→ **EXERCISE INPUTS**
========
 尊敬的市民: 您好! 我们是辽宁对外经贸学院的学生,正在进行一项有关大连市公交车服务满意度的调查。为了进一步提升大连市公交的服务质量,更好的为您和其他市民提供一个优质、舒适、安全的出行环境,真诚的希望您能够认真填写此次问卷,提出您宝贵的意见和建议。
========
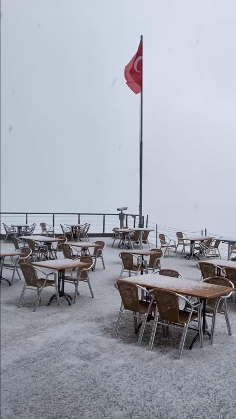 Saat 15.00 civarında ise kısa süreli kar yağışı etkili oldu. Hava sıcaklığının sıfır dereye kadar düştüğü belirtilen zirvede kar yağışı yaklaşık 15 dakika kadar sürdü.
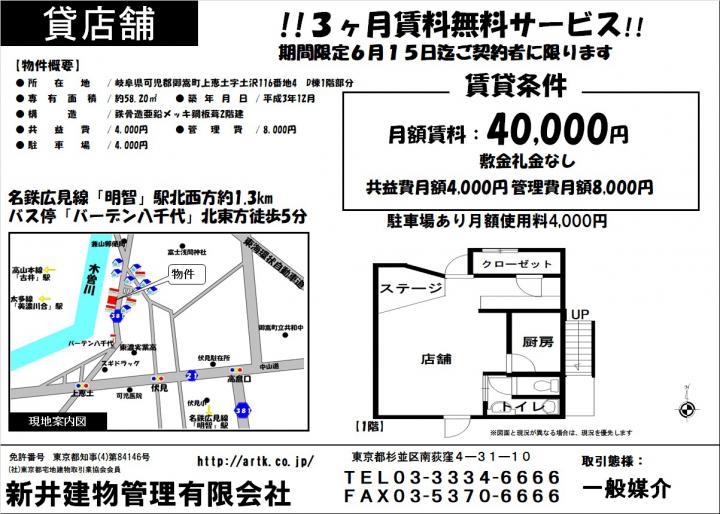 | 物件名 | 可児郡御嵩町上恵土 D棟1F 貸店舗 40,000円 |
========
→ **INSTRUCTIONS TO FOLLOW**
Your copy should hold only the lines above from the one containing "Saat 15.00 civarında" through the one containing "貸店舗 40,000円 |", exactly as written and free of pictures.

→ **TASK RESPONSE**
 Saat 15.00 civarında ise kısa süreli kar yağışı etkili oldu. Hava sıcaklığının sıfır dereye kadar düştüğü belirtilen zirvede kar yağışı yaklaşık 15 dakika kadar sürdü.
 | 物件名 | 可児郡御嵩町上恵土 D棟1F 貸店舗 40,000円 |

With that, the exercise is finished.